Tokio - Als er am Ziel seiner Träume angelangt war, fiel Alexander Zverev wie in Zeitlupe auf die Knie und schlug ergriffen die Hände vors Gesicht. Dann schossen ihm Siegertränen in die Augen. Mit der Nervenstärke und Dominanz eines Champions erklomm der Hamburger den Tennis-Olymp, als erster Deutscher holte er Gold im Männer-Einzel. Durch das 6:3, 6:1 im Finale gegen Karen Khachanov (ROC) bescherte er "Team D" zudem den vierten Olympiasieg in Tokio.

"Ich habe früher von Teilnahme an Grand-Slam-Turnieren oder Olympischen Spielen geträumt. Aber nicht davon, Olympiasieger zu werden. Und jetzt habe ich Gold um den Nacken hängen. Ich kann dieses Gefühl gar nicht beschreiben", sagte ein sichtlich bewegter Zverev nach der Siegerehrung.

Nach dem sensationellen Halbfinalerfolg über den großen Topfavoriten Novak Djokovic schenkte der Weltranglistenfünfte dem deutschen Tennis die nächste Sternstunde. Als einzige Deutsche hatte zuvor Steffi Graf 1988 in Seoul Einzel-Gold gewonnen, im Männer-Einzel übertrumpfte er Tommy Haas' Silbermedaille 2000 in Sydney.

Frühes Break ebnet den Weg zu Gold

Der 24-Jährige war als großer Favorit in den Showdown um Gold gegangen - doch dass dies kein Match wie jedes andere war, ließ er sogar seine Liebsten spüren. "Er hat gestern unsere Eltern angerufen und gesagt, dass er das Handy ausmacht und sich nach dem Finale wieder meldet", erzählte sein Bruder Mischa bei "Eurosport": "Er macht normalerweise nie das Handy aus und das zeigt auch, wie wichtig ihm das Finale ist."

Mit einem breiten Lächeln und demonstrativ locker betrat Zverev dann den Centre Court im Ariake Tennis Park - diesmal sollte alles anders werden als noch bei seinem letzten großen Finale, als der Druck zu groß wurde. Im vergangenen Jahr schrammte er trotz 2:0-Satzführung bei den US Open an seinem ersten Grand-Slam-Titel vorbei. An dieser Enttäuschung hatte er lange zu knabbern, doch sie regte seinen Hunger nach großen Siegen nur noch mehr an.

Und das merkte auch Khachanov direkt. Zverev nahm die Bälle früh und zwang den Weltranglisten-25., gegen den er die vergangenen beiden Duelle glatt verloren hatte, mit druckvollen Schlägen regelrecht zu Fehlern und belohnte sich mit dem frühen Break zum 2:1. Zwar war der Aufschlag zunächst nicht ganz so dominant wie die Runden zuvor, doch nach 43 Minuten brachte er Satz eins mit einem weiteren Break sicher ins Ziel.
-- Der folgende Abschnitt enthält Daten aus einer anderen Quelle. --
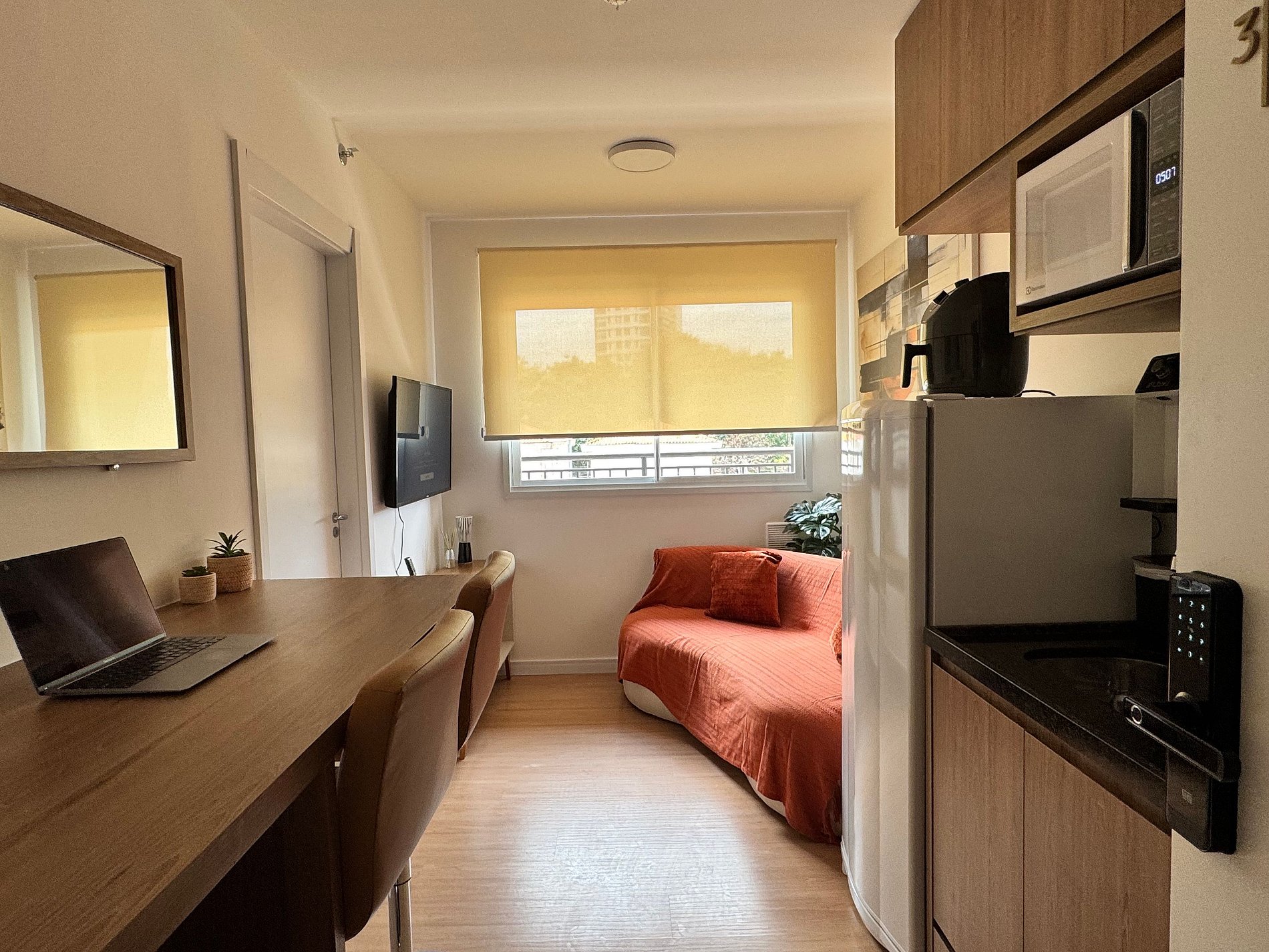 Este apartamento fue diseñado para ofrecer más comodidad y privacidad que los estudios convencionales. El dormitorio en suite cuenta con puerta independiente, ropa de cama de alta calidad, aire acondicionado y una ventana con persiana blackout integrada, lo que garantiza privacidad y noches de sueño realmente reparadoras.

Halbfinal-Triumph gegen Djokovic sorgte für Begeisterung

Selbst bei Deutschlands Tennis-Ikone Boris Becker hatte Zverev nach seinem fulminanten Sieg gegen den Weltranglistenersten Djokovic, dessen Träume vom Golden Slam er zerstörte, riesige Begeisterung ausgelöst. Als "Teufelskerl" bezeichnete er ihn in einer Grußbotschaft via "Eurosport" und gab vor: "Jetzt hol Gold für Deutschland nach Hause!" 

Hochfokussiert führte Zverev diesen Auftrag im zweiten Satz fort. "Sascha ist auf einer Mission", sagte sein Bruder Mischa. Auch Khachanov wirkte beeindruckt, und die deutsche Nummer eins packte erbarmungslos zu. Mit einem krachenden Rückhandwinner nahm Zverev dem Russen erneut den Aufschlag ab, begleitet von einem gewaltigen Jubelschrei. Die Weichen waren endgültig auf Sieg gestellt, mit großer Wucht und viel Herz ließ er nichts mehr anbrennen.